What is expected -
Should pictures appear among the records, leave them out, and copy exactly only the lines from the first through the one with "泰衛 輕鬆黏304不鏽鋼雙桿毛巾架80公分", inclusive.

Supplied records -
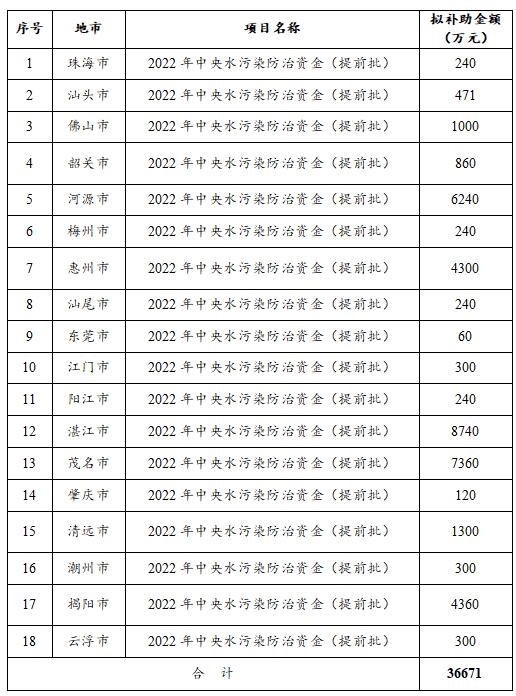 廣東省生態(tài)環(huán)境廳關(guān)于2022年中央水污染防治資金(提前批)、大氣污染防治資金(提前批)安排計劃的公示 經(jīng)廳黨組會議、廳務(wù)會議審議通過,我廳擬申請?zhí)崆跋逻_(dá)2022年中央水污染防治資金36671萬元、大氣污染防治資金44054萬元。 按照《廣東省省級財政專項資金管理辦法(試行)》(粵府〔2018〕120...
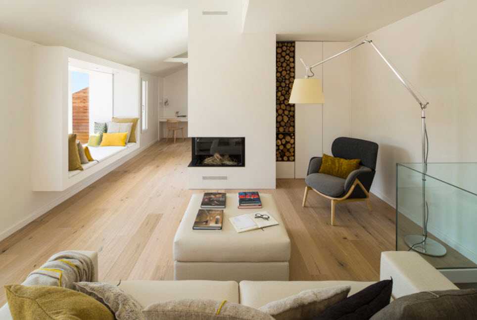 — по возможности максимально расширяется пространство: сносятся перегородки, которые можно снести, расширяются окна, объединяются комнаты и т.д. Например, в следующем интерьере мы видим объединенную кухню-гостиную, две функциональные зоны не разделены перегородками:
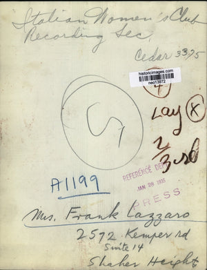 1935 Press Photo Mrs. Frank Lazzaro, Italian Women's Club, Shaker Heights OH
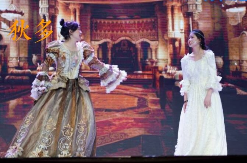 从诡秘梦境到恋人相见,从真相大白到天人永隔。经由西班牙语同学们的演绎将莉迪亚与帕科之间悲惨令人心碎的爱情故事完美诠释。徐益盈同学将莉迪亚那几分困惑难过,几分绝望完美表现了出来,给观众展现出了一个陷入爱情中的少年公主的形象。随着剧情的推进,观众们也被带入了两个恋人之间情感之中,看之心碎,闻之落泪。在女主拥着死去的男主的最后一幕中,台下观众掌声连连,为之喝彩。
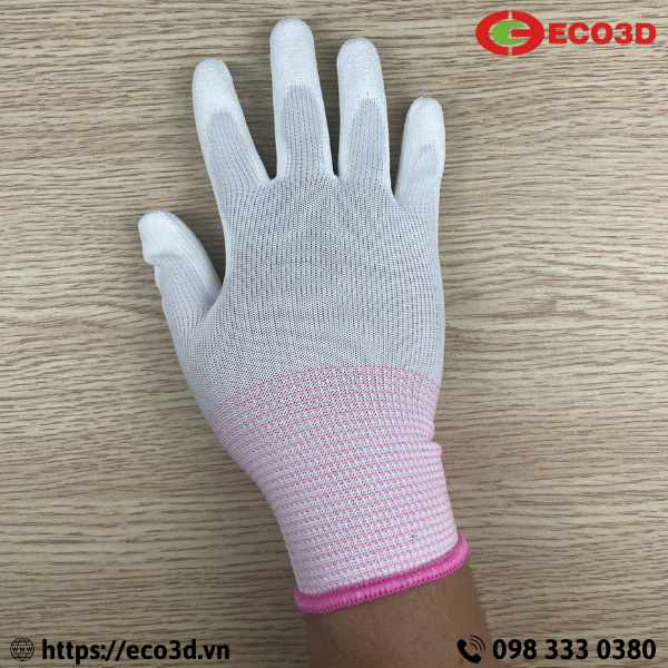 1. Giới thiệu găng tay sợi trắng phủ PU viền hồng
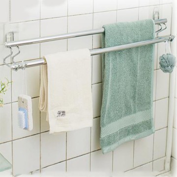 泰衛 輕鬆黏304不鏽鋼雙桿毛巾架80公分
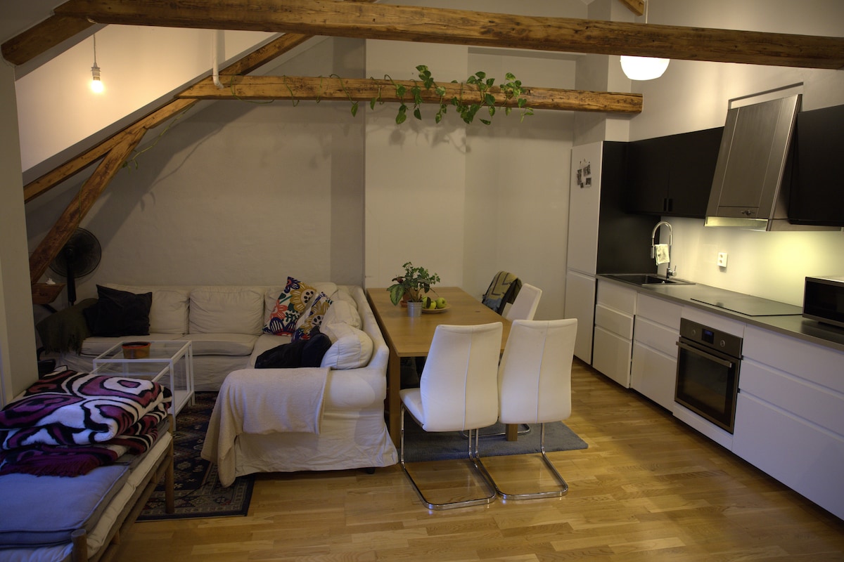 Leiligheten er et romslig loft. Her er detaljene designet av nordiske arkitekter, i en skandinavisk stil for koselige kvelder og arbeid. Stuen er stor og luftig med sofa og spiseplass. Her er det loftsvinduer og autentisk treverk i taket og heltre gulv. Soverommet er romslig med en stor komfortabel seng og en praktisk kjøkkenkrok. Alt du trenger skal være tilgjengelig :) Arbeidsrommet er godt designet for fokusert arbeid med bærbar pc eller lesing. Bøker tilgjengelig for å lese. Velkommen!
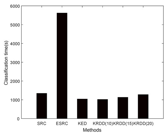 It can be seen in Table 5 that the recognition rate of the simple association of KDA and SRC is indeed nearly 20 % higher than the rate of KDA and SRC alone. However, KRDD is not a simple addition of KDA and SRC. The recognition rate of KRDD is approximately 5.8 % higher than that of KDA plus SRC and KDA plus ESRC. KRDD also achieves higher recognition accuracy than taht of KED. Among all the methods, KRDD achieved the best results. Figure 9 shows the classification time for several algorithms. Although ESRC has a higher recognition accuracy than SRC, it takes a much longer time because it expands the quantity of atoms in the dictionary. D in KRDD is based on low dimensions and only adds a small number of atoms, which is faster than SRC. It is remarkable that KRDD has a higher recognition rate and takes less time than KED for the same number of selected occlusion components. Additionally, a positive correlation could be observed between selected occlusion components and the recognition rate of KRDD. Nevertheless, selecting more occlusion components results in longer time computation times.
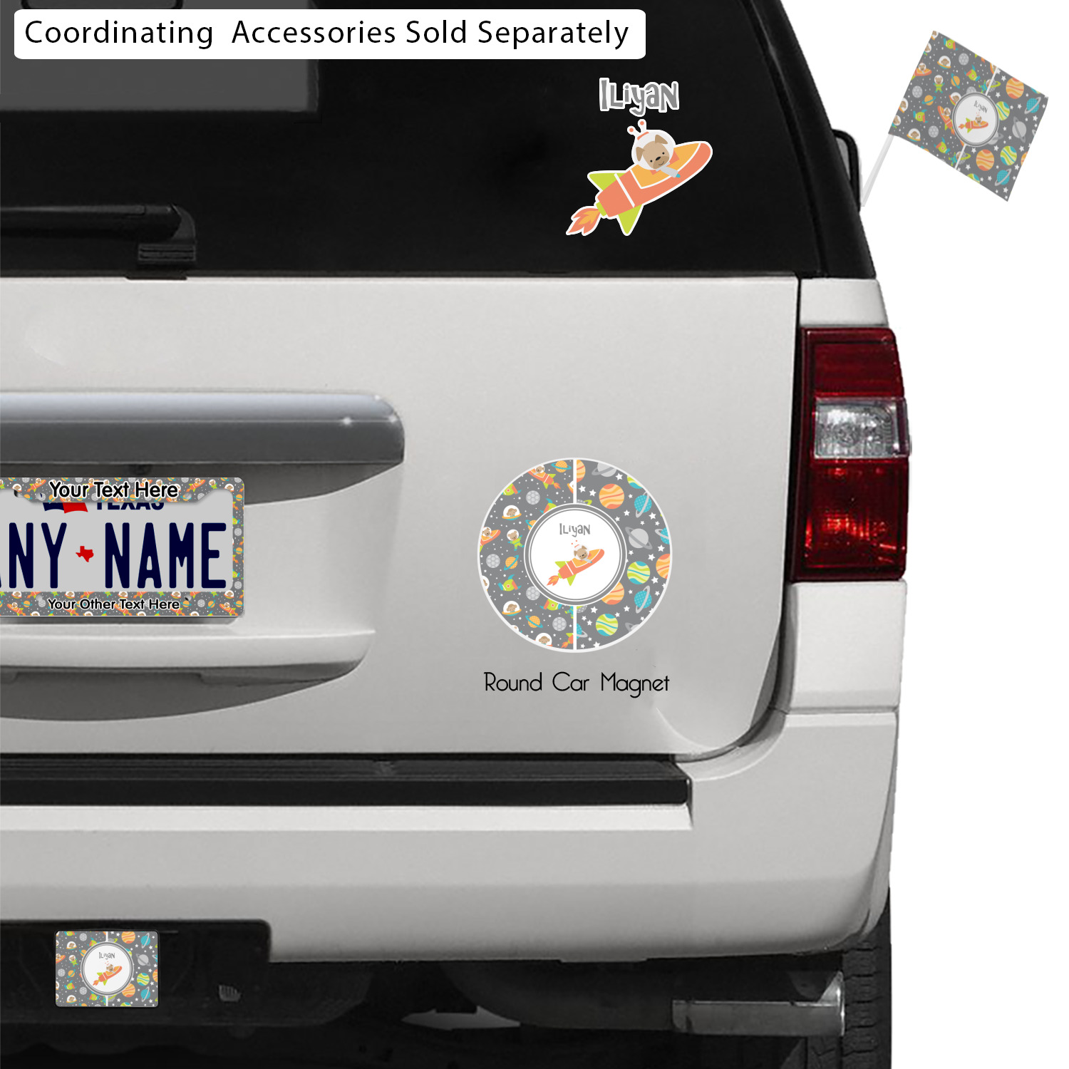 The design is filled with adorable little animal friends in space suits and space ships! On the other side, there are cute little coordinating planets! The bright colors on the animals and planets make for a great contrast to the dark grey background.

Answer area -
 廣東省生態(tài)環(huán)境廳關(guān)于2022年中央水污染防治資金(提前批)、大氣污染防治資金(提前批)安排計劃的公示 經(jīng)廳黨組會議、廳務(wù)會議審議通過,我廳擬申請?zhí)崆跋逻_(dá)2022年中央水污染防治資金36671萬元、大氣污染防治資金44054萬元。 按照《廣東省省級財政專項資金管理辦法(試行)》(粵府〔2018〕120...
 — по возможности максимально расширяется пространство: сносятся перегородки, которые можно снести, расширяются окна, объединяются комнаты и т.д. Например, в следующем интерьере мы видим объединенную кухню-гостиную, две функциональные зоны не разделены перегородками:
 1935 Press Photo Mrs. Frank Lazzaro, Italian Women's Club, Shaker Heights OH
 从诡秘梦境到恋人相见,从真相大白到天人永隔。经由西班牙语同学们的演绎将莉迪亚与帕科之间悲惨令人心碎的爱情故事完美诠释。徐益盈同学将莉迪亚那几分困惑难过,几分绝望完美表现了出来,给观众展现出了一个陷入爱情中的少年公主的形象。随着剧情的推进,观众们也被带入了两个恋人之间情感之中,看之心碎,闻之落泪。在女主拥着死去的男主的最后一幕中,台下观众掌声连连,为之喝彩。
 1. Giới thiệu găng tay sợi trắng phủ PU viền hồng
 泰衛 輕鬆黏304不鏽鋼雙桿毛巾架80公分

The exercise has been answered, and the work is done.